Sophia de Mello Breyner Andresen (1919-2004), é um dos maiores poetas da língua portuguesa. A sua poesia tem de ser lida com atenta inteligência para que nela se apreenda toda a emoção que intenta transmitir. É um escrita úberima, telúrica que mergulha no mais profundo do nosso ser. Nasceu na cidade do Porto, veio para Lisboa onde frequentou Filologia Clássica na Faculdade de Letras da Universidade de Lisboa, cidade onde viveu boa parte da sua vida.
Formalmente, a sua poesia é muito burilada apresentando por vezes um despojamento que só na aparência pode ser entendido como simplicidade, pois toda ela se tece numa tenção dramática entre a contemplação da natureza e um profundo e trágico sentido da vida.
Merece a todos os títulos, com toda a justiça, um lugar de grande destaque na poesia contemporânea portuguesa.

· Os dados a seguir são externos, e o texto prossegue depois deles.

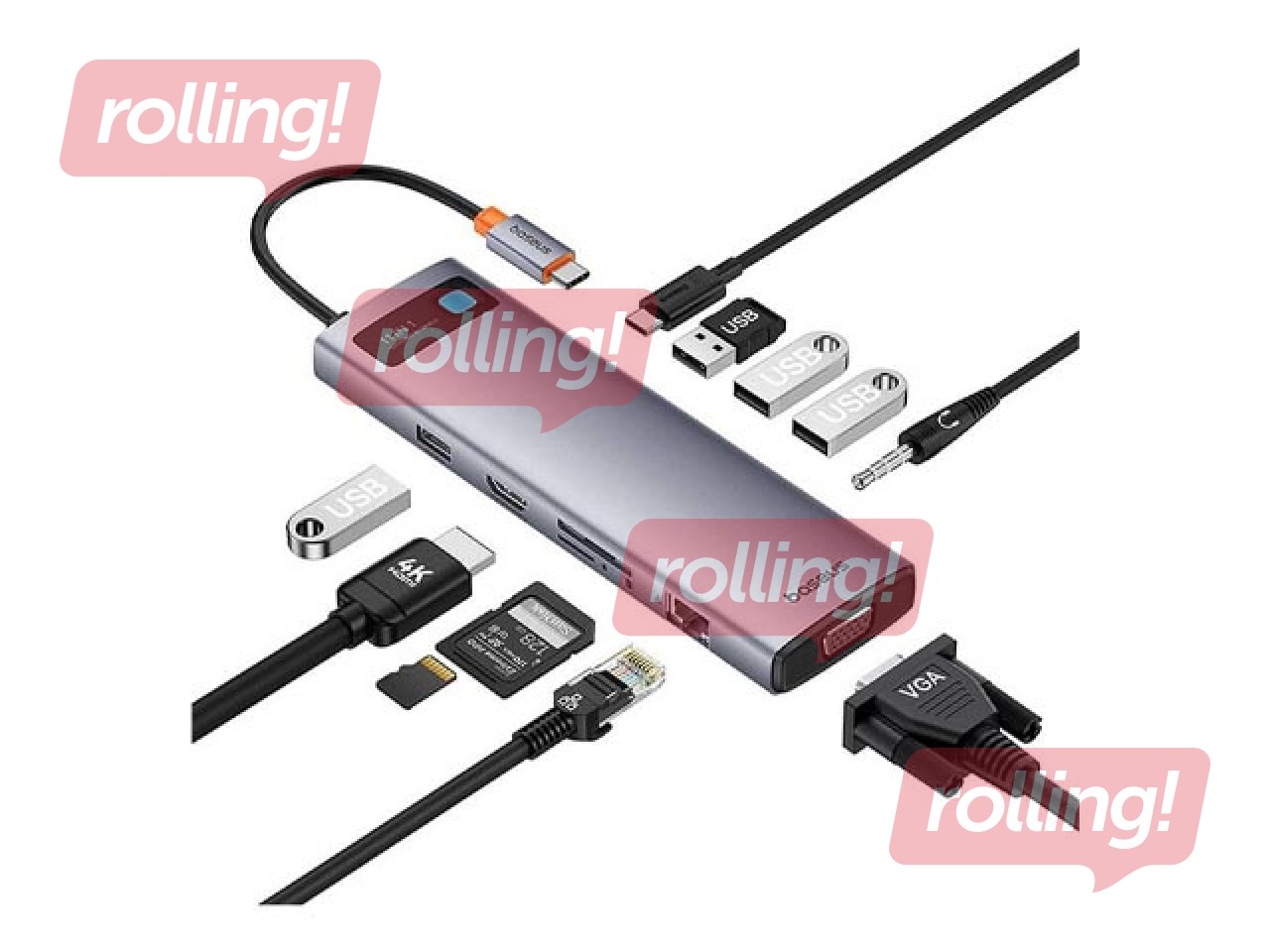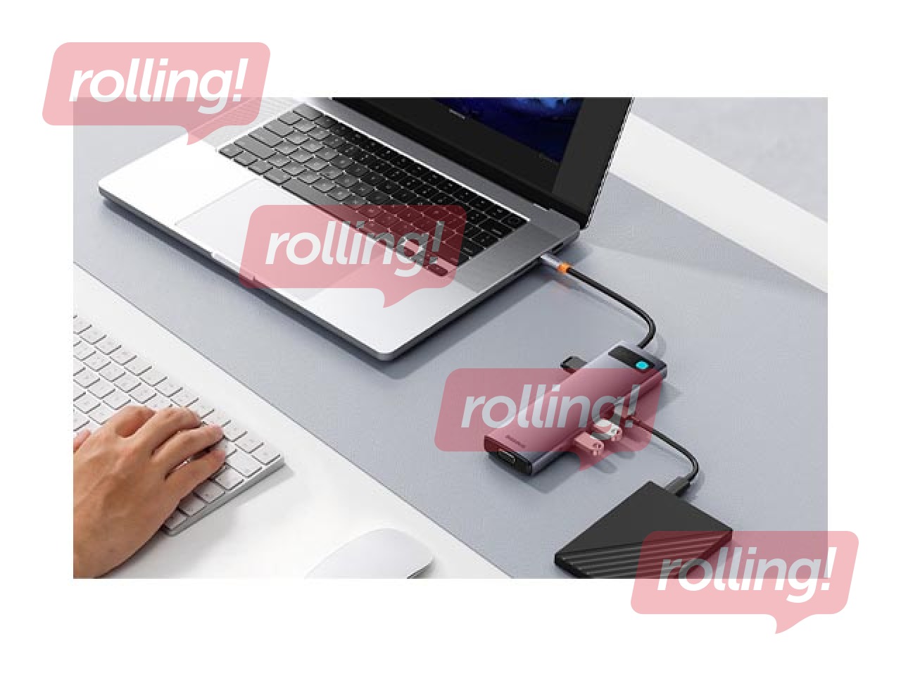 11-in-1 centrmezgls no Baseus ir ideāls sabiedrotais darbam, mācībām un izklaidei. Izmantojiet to mājās, birojā vai ceļā un izbaudiet plašu iespēju klāstu. Ja jūsu planšetdators vai tālrunis atbalsta OTG, varat tam pievienot ārējos diskus, ļaujot ērti palielināt krātuves vietu. Varat arī izmantot centrmezglu, lai klēpjdatoram pievienotu perifērijas ierīces, kas palielinās jūsu darba efektivitāti.

sábado, 9 de janeiro de 2010

AI FLORES, AI FLORES DO VERDE PINO

- Ai flores, ai flores do verde pino,
se sabedes novas do meu amigo,
Ai Deus, e u é?


- Ai flores, ai flores do verde ramo,
se sabedes novas do meu amado,
Ai Deus, e u é?

- Se sabedes novas do meu amigo,
aquele que mentiu do que pôs comigo.
Ai Deus, e u é?

- Se sabedes novas do meu amado,
aquele que mentiu do que m'á jurado.
Ai Deus, e u é?

-Vós me perguntades polo voss'amigo,
e eu ben vos digo que é san' e vivo.
Ai Deus, e u é?

-Vós me perguntades polo voss'amado,
e eu ben vos digo que é viv' e sano.
Ai Deus, e u é?

-E eu ben vos digo que é san' e vivo,
e será vosc' ant'o prazo saído.
Ai Deus, e u é?

- E eu ben vos digo que é viv' e sano,
e será vosc' ant'o prazo passado.
Ai Deus, e u é?

Este belo poema pertence à categoria dos "cantares de amigo" muito usados na Idade Média e que pareciam destinar-se a serem cantados para acompanhar as danças. Tendo um pendor acentuadamente popular, foram também escritos por poetas mais eruditos, como é o caso de D. Dinis, 5º rei de Portugal, que viveu entre 1261 e 1325. Para além da sua beleza poética, tem ainda o valor de ser das primeiras composições escritas em português, pois, no século XIII, os documentos ou eram escritos em latim ou em galaico-português.
O nosso rei D. Dinis parece ter herdado a veia poética de seu avô Afonso X de Castela, também ele poeta e homem de grande cultura.

quarta-feira, 6 de janeiro de 2010

Regresso

De novo na origem, berço onde me criei.
Onde estão as pessoas que povoaram a minha infância?
Como estão mudadas as ruas e as casas!
A minha memória não coincide com o que vejo.
Já não sou daqui.
Todos me olham como o forasteiro em que me tornei,
Peregrino em busca de um passado de que encontro escassos vestígios.
Melhor... assim posso recordar sem ter que partilhar.
Estar só é uma boa maneira de voltar no tempo.
Vou tentar voltar pelos caminhos da memória,
Percorrendo estas ruas que já mal conheço.